Ortopedide Kullanılan Tedavi Yöntemleri
Ortopedi’ de kullanılan temel tedavi yöntemleri şunlardır:
- Artroskopi
- Protez uygulamaları
- Kemik uzatma ameliyatları
Artroskopi
Eklemin su ile şişirilmesini takiben ortalama 4 mm. kalınlığında cihazların cilt yoluyla ekleme yerleştirilmeleri şeklinde yapılır. Enfeksiyon riskini, ameliyat sonrası ağrı miktarını ve kötü kozmetik görünümü azaltması bakımından açık cerrahiye göre avantajlı bir yöntemdir.
Protez Uygulamaları
Eklemlerin yapay parçalarla değiştirilmesi esasına dayanır. Çeşitli nedenlerle eklemlerde oluşan kıkırdak harabiyeti ve şekil bozukluğu, ağrı, hareket kısıtlanması ve sakatlığa neden olur. Bu nedenle eklemin yüzeylerinin değiştirilmesi ve rehabilitasyonu gereklidir.

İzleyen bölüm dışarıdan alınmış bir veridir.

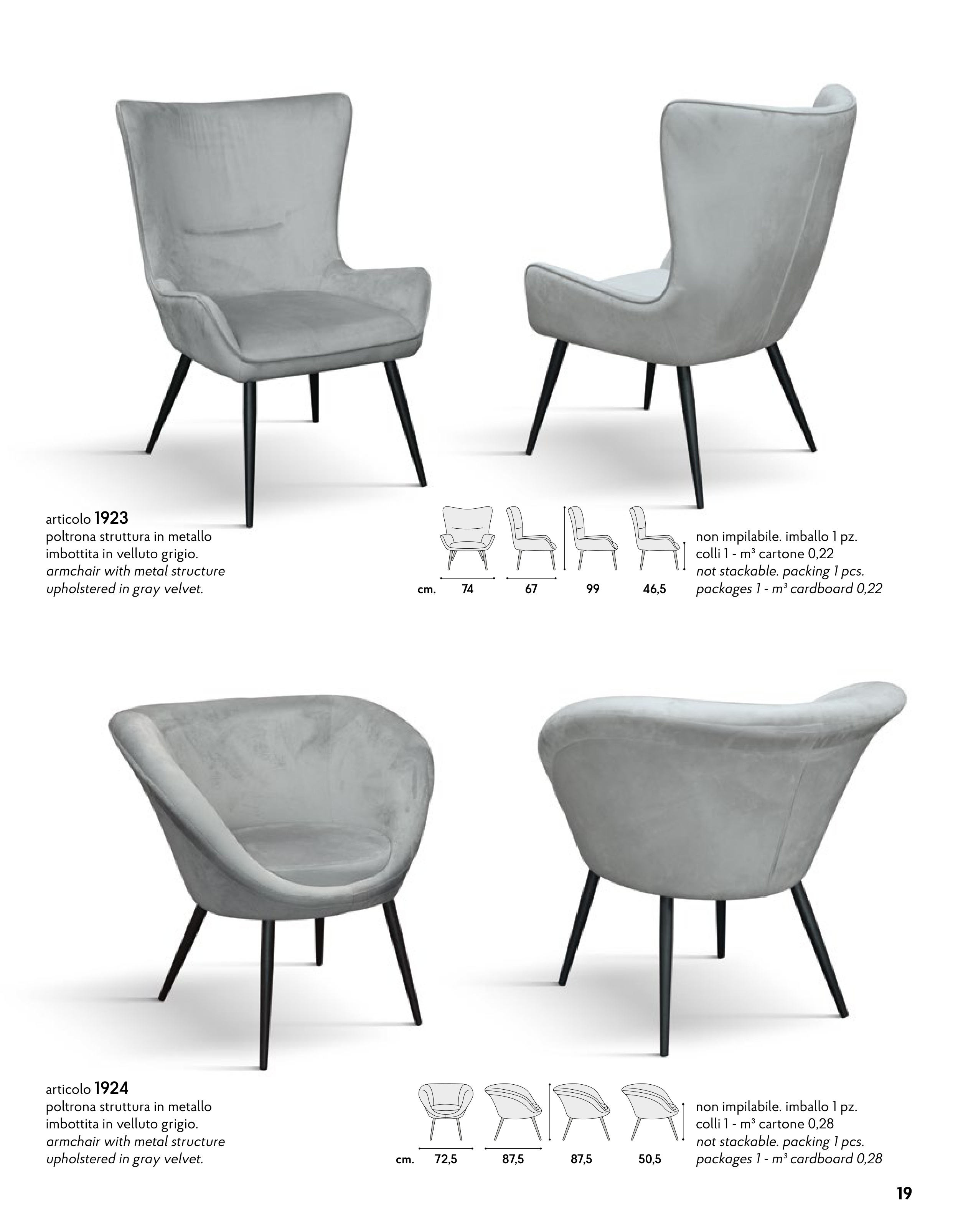 imbottita in velluto grigio.

Total eklem değiştirme cerrahi bir işlemdir. Eklemlerde kullanılan suni materyaller, eklemlerin tipine, şekline, hareketine ve büyüklüğüne göre değişik şekillerde hazırlanmıştır. Özel ölçülendirme sistemleri ve özel röntgenlerle hangisinin kullanılabileceği ortopedist tarafından kararlaştırılır.
Suni eklem protezlerinde metal ve plastik parçalar kullanılmaktadır.

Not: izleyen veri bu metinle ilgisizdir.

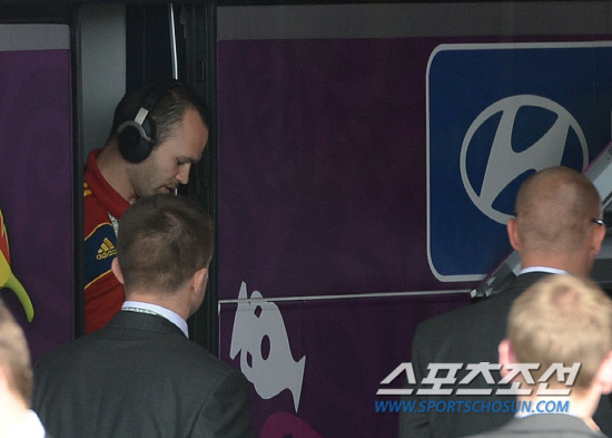 11일(한국시각) 오전 1시 폴란드 그단스크 아레나에서 열리는 유로 2012 스페인과 이탈리아의 경기를 앞두고 경기장에 도착한 스페인 이니에스타가 버스에서 내리고 있다.

Bu materyaller akrilik (kemik çimentosu) ile kemiğe tespit edilmektedir. Bazı protezler ise kemiğe dönük yüzlerinde sağlanan özel yapılar (vidalar vb.) vasıtasıyla kemiğe sabitlenmektedir.
Cerrahi işlemi takiben hastanın iyileşme süresi hastadan hastaya ve eklemine göre değişmektedir.
Yaşlı hastalarda yapıldığında yaşam süresince protezlerin kullanımı devam etmekte ikinci bir operasyon gerekmemektedir. Eğer bu operasyon genç hastalarda yapılmak zorunda kalınırsa 2. ve bazen 3. değiştirme işlemleri gerekebilir.
Kemik Uzatma Ameliyatları
Özellikle kemik uzatma ameliyatları günümüzde felç, kırık, iltahap, bazı kemik hastalıklarında oluşan bacak ve kol kısalıklarında bir çözüm olanağı getirmiştir.
Estetik amaçlı bacak ve kol uzatmaları akondroplazi denilen cücelik tipinde yapılabilir. Burada gövde normal boyda kol ve bacaklar kısadır. Bu vakalarda erken başlanması koşuluyla 20-25 cm ye kadar bacak, 10-12 cm ye kadar kol uzatılması mümkündür.
Doğru seçilmiş ve iyi takip edilen vakalarda %90 a varan tatminkar sonuçlar alınmaktadır.